Parece que a procura acabou, agora só faltam acertar uns detalhes: hoje, o Cern, em Genebra, anunciou a descoberta do bóson de Higgs, ou a “partícula de Deus”. O palavreado usado pelo próprio Cern tem a prudência característica dos cientistas e que às vezes irrita os jornalistas (pelo menos aqueles que precisam de manchetes, mas gostam de ter certeza absoluta do que vão botar na capa do jornal ou do site): o bichinho é chamado de “novo bóson”, ou “partícula consistente” com o bóson de Higgs. No máximo, chamam de “Higgs-like particle”. Mas, afinal, é ou não é? Segundo a New Scientist, a chance de não ser é de 5 em 10 milhões, suficiente para bater o martelo.
Em poucas palavras, o bóson de Higgs é o responsável, no Modelo Padrão (uma teoria que explica as partículas fundamentais e a interação entre elas), por dar massa às partículas. Não terminei ainda de ler o livro do Leon Lederman, mas sei que o apelido de “partícula de Deus”, segundo o autor, veio porque esse bóson é tão essencial e ao mesmo tempo tão esquivo (e, claro, há também o golpe de marketing do editor, que não curtiu muito o título original, The Goddamn particle). O simples fato de o bóson ser o responsável por dar massa a outras partículas já justificaria o apelido, pois, sem o Higgs, o universo não teria matéria, seria energia pura. Confiram a explicação do físico John Ellis neste vídeo:
O pessoal do Cern estava caçando o bóson de Higgs no Grande Colisor de Hádrons, aquele acelerador de partículas que, diz a lenda, criaria um buraco negro que acabaria com o planeta. Em poucas palavras, os cientistas do LHC estavam jogando feixes de prótons uns contra os outros e acompanhando o que resultaria do choque. Pelo que entendi da coisa, os cientistas não chegam a “ver” o Higgs propriamente dito, mas percebem que, após o choque, surgem outros tipos de partículas, já conhecidos, exatamente do modo como a teoria prevê que aconteceria em caso de interação com o bóson de Higgs. O texto da Science mostra que foram observados fótons e bósons Z e W como resultado dos choques no LHC.

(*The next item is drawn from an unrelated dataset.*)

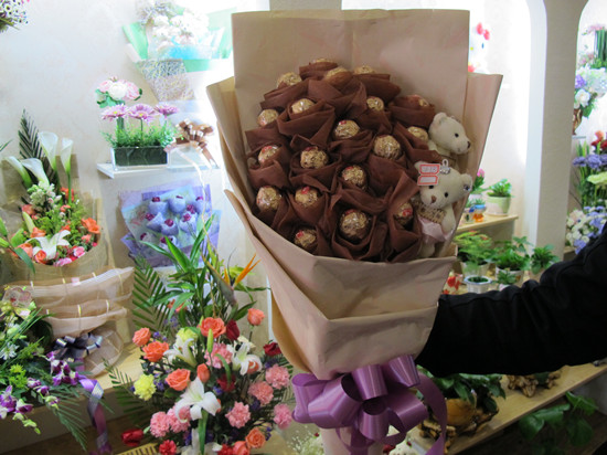 用巧克力做成的創(chuàng)意花束在年輕人中很受歡迎
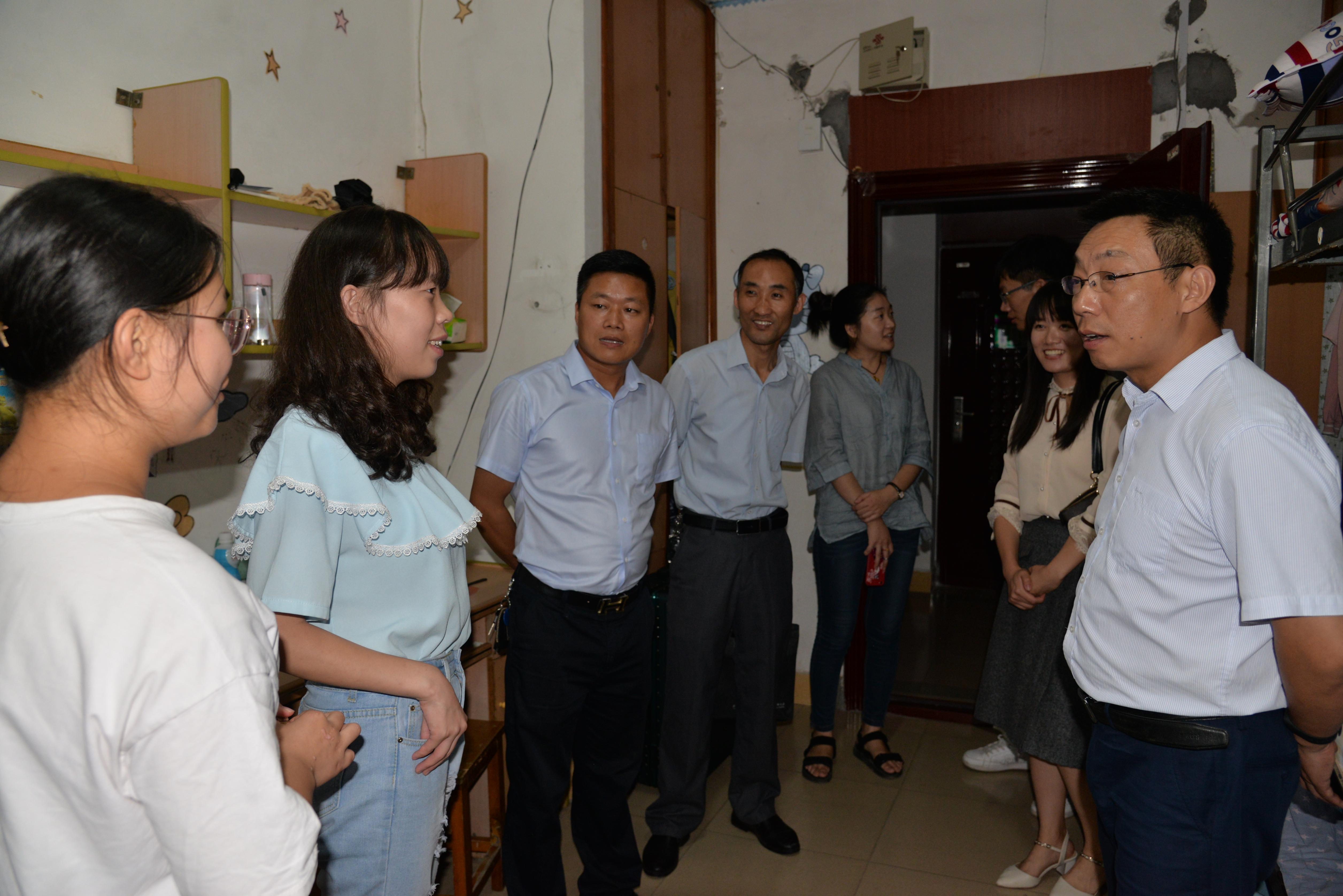 新闻网讯(通讯员 万钰 张毅 韩晓文)9月5日晚,2019级新生见面会结束之后,学院领导班子成员、各年级辅导员、新生班主任一同来到风华园员工公寓,走访并看望19级新同学们,送上温暖的关怀和问候。

O escocês Peter Higgs não gosta do apelido “partícula de Deus”. Uma materinha do Estadão, do fim do ano passado, diz que Higgs propôs o bóson justamente por ser ateu e buscar uma explicação para o fato de as partículas terem massa sem recorrer ao sobrenatural. Se for isso mesmo, temos um caso clássico de uma teoria acertadíssima, apesar das motivações erradas.
Nas próximas horas ficarei de olho em possíveis repercussões do anúncio de hoje no campo da relação entre ciência e fé. Como há muitos físicos que atuam nesse diálogo, é bem possível que acabem entrevistados mais cedo ou mais tarde. De qualquer modo, meu palpite é que isso não muda muita coisa; só reforça a noção de que Deus criou um universo que “se faz” sozinho e o sustenta com Sua vontade, em vez de ser um Deus que apenas dá o pontapé inicial e cai fora, ou um Deus que cria o universo e precisa ficar interferindo nele periodicamente para que as coisas aconteçam. Meu amigo Alexandre Zabot, da UFSC, tem a mesma impressão: “ao meu ver não há nada que vá mudar porque se trata simplesmente de dar uma espécie de ‘fechamento lógico’ ao Modelo Padrão”, afirmou. Para ele, o impacto vai se limitar à ciência. “Se esta descoberta for confirmada mesmo, lança ainda mais descrédito sobre as chamadas Teorias de Supercordas, que, até o momento, não passam de teorias altamente especulativas”, acrescentou. Já Jeff Zweerink, do grupo criacionista (de Terra antiga) Reasons to Believe, afirmava, dias atrás, que, se a existência do bóson de Higgs fosse confirmada, reforçaria a noção de uma sintonia fina no universo necessária para o surgimento da vida.
Atualização (14h55 de quarta): A revista The Economist publicou uma infografia que mostra como o bóson de Higgs era mesmo esquivo: foi a partícula que levou mais tempo entre sua formulação teórica e sua comprovação empírica.